Task goal:
Where an entry below contains an image, skip the image and copy the rest exactly.

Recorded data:
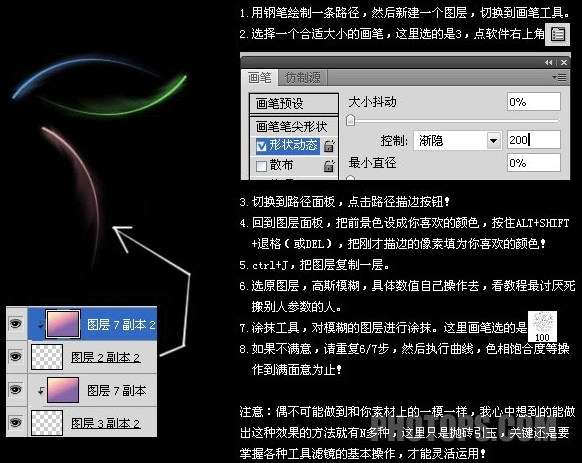 1、新建一個大小適當的文件,背景填充黑色。用鋼筆工具繪制一條路徑,然后新建一個圖層,選擇畫筆工具。
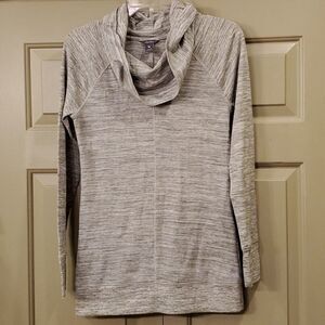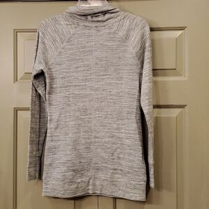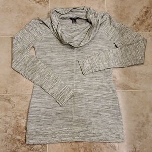 In like new condition. Green with gray and white running through it. Cowlneck is super soft and stylish, keeps you warm without the bulk of a scarf or tightness of a turtleneck. Thermal feel on the body sleeves are more of a ribbed style. Pretty color will go with everything any season. Feel free to ask questions and make offers
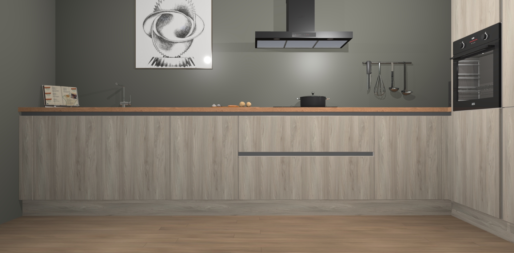 Welkom bij de Olm greeploze keuken Khao Lak. Deze prachtige keuken zal de komende jaren het middelpunt van de belangstelling in uw huis zijn. Uitgerust met vijf inbouwapparaten komt u nooit kookgereedschap tekort. Bovendien geeft de warme houtlook elke ruimte een uitnodigende en tijdloze uitstraling.
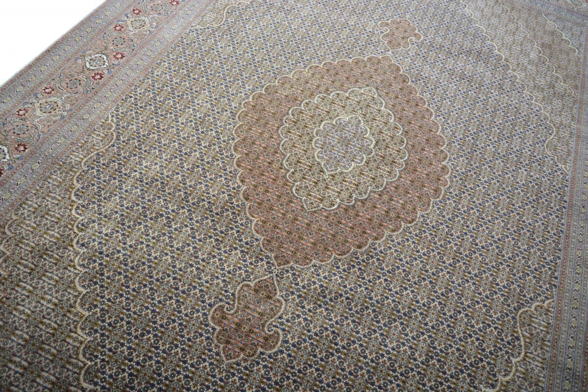 Auch mit seiner prachtvollen Ornamentik wird der Perserteppich höchsten Ansprüchen gerecht: ob traditionelles Mahi-Motiv mit Medaillon, klassische florale Muster, fantasievolle Bilderwelt oder Allover-Muster im Rapport – jedes Design von Täbriz-Teppichen bietet ein herrliches Erscheinungsbild, fördert stilvolles Ambiente und verleiht dem edlen Perserteppich das Potenzial, zu einem hochgeschätzten Sammlerstück zu werden.
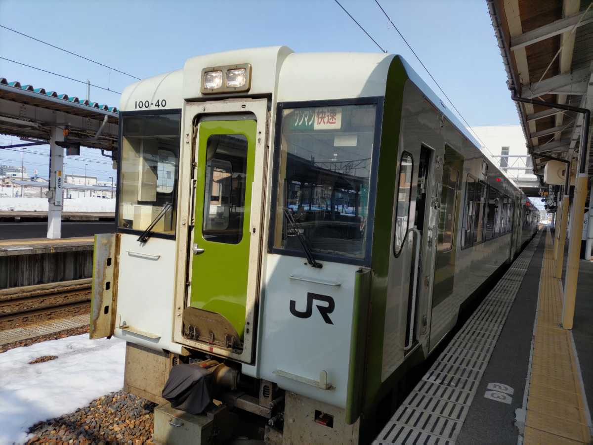 最後は北上線で北上駅へ。乗車前から融雪で10分前後の遅延が確定していますが、乗り継ぎには支障なしと言う事で乗車。
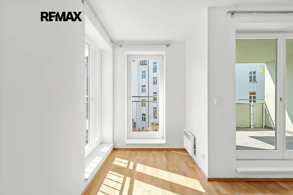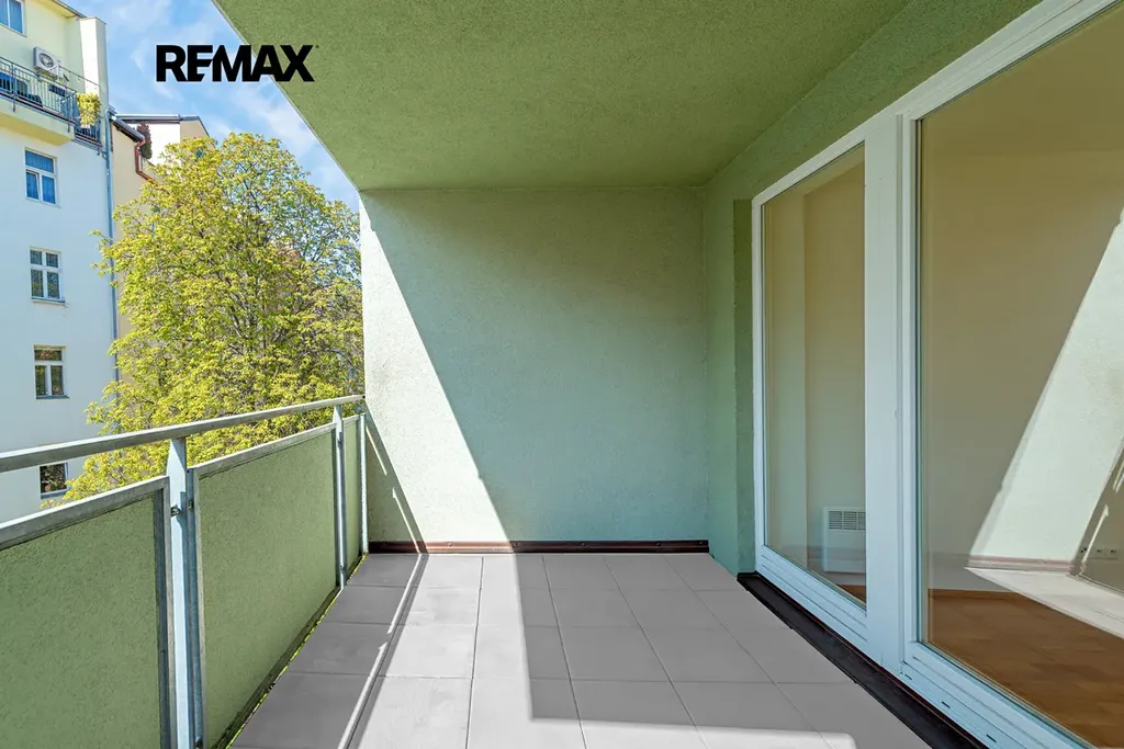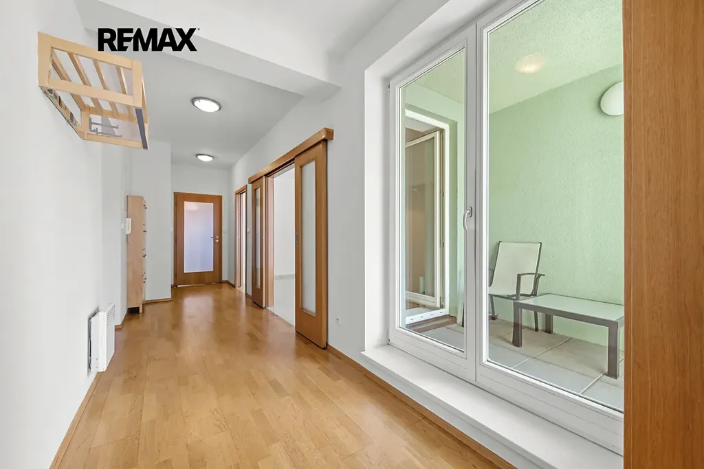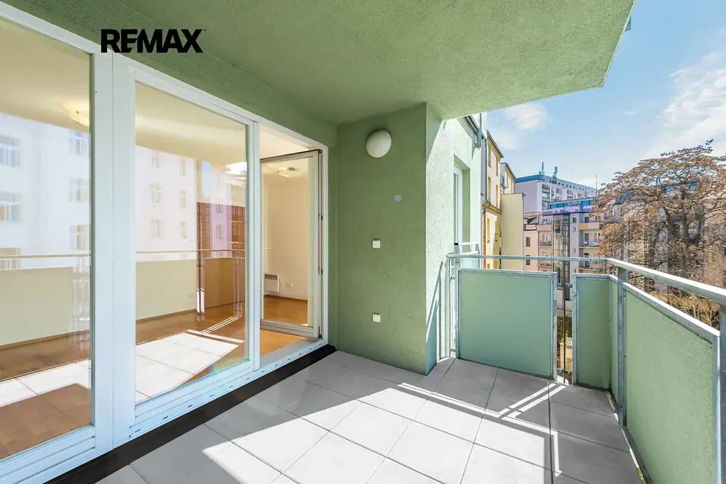 Oba balkony jsou orientovány do klidného vnitrobloku, což zajišťuje maximální soukromí, ticho a příjemnou atmosféru pro každodenní relax.
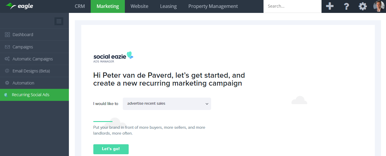 - Upgraded the Social Eazie integration to include Recurring Social Ads. Use this to setup a monthly recurring social ads campaign for promoting your brand and recently sold listings. Go to Marketing then click into Recurring Social Ads to get started.
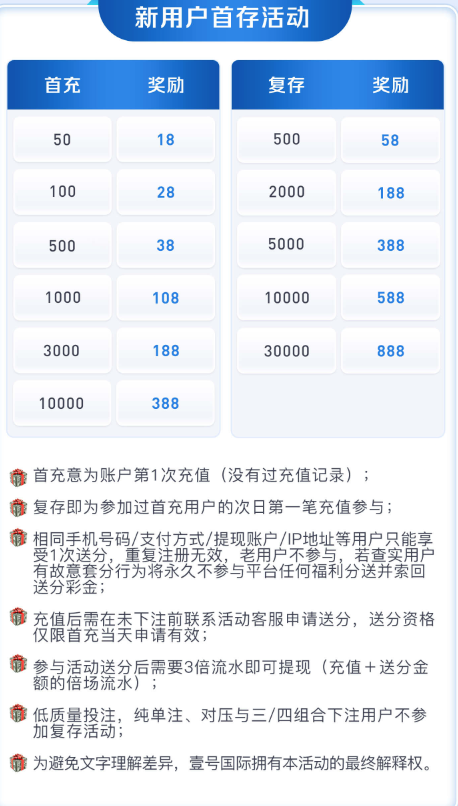 首存活动和以小博大只能参加一个参加100+100其他首存活动都无法参与!

Expected answer:
 1、新建一個大小適當的文件,背景填充黑色。用鋼筆工具繪制一條路徑,然后新建一個圖層,選擇畫筆工具。
 In like new condition. Green with gray and white running through it. Cowlneck is super soft and stylish, keeps you warm without the bulk of a scarf or tightness of a turtleneck. Thermal feel on the body sleeves are more of a ribbed style. Pretty color will go with everything any season. Feel free to ask questions and make offers
 Welkom bij de Olm greeploze keuken Khao Lak. Deze prachtige keuken zal de komende jaren het middelpunt van de belangstelling in uw huis zijn. Uitgerust met vijf inbouwapparaten komt u nooit kookgereedschap tekort. Bovendien geeft de warme houtlook elke ruimte een uitnodigende en tijdloze uitstraling.
 Auch mit seiner prachtvollen Ornamentik wird der Perserteppich höchsten Ansprüchen gerecht: ob traditionelles Mahi-Motiv mit Medaillon, klassische florale Muster, fantasievolle Bilderwelt oder Allover-Muster im Rapport – jedes Design von Täbriz-Teppichen bietet ein herrliches Erscheinungsbild, fördert stilvolles Ambiente und verleiht dem edlen Perserteppich das Potenzial, zu einem hochgeschätzten Sammlerstück zu werden.
 最後は北上線で北上駅へ。乗車前から融雪で10分前後の遅延が確定していますが、乗り継ぎには支障なしと言う事で乗車。
 Oba balkony jsou orientovány do klidného vnitrobloku, což zajišťuje maximální soukromí, ticho a příjemnou atmosféru pro každodenní relax.
 - Upgraded the Social Eazie integration to include Recurring Social Ads. Use this to setup a monthly recurring social ads campaign for promoting your brand and recently sold listings. Go to Marketing then click into Recurring Social Ads to get started.
 首存活动和以小博大只能参加一个参加100+100其他首存活动都无法参与!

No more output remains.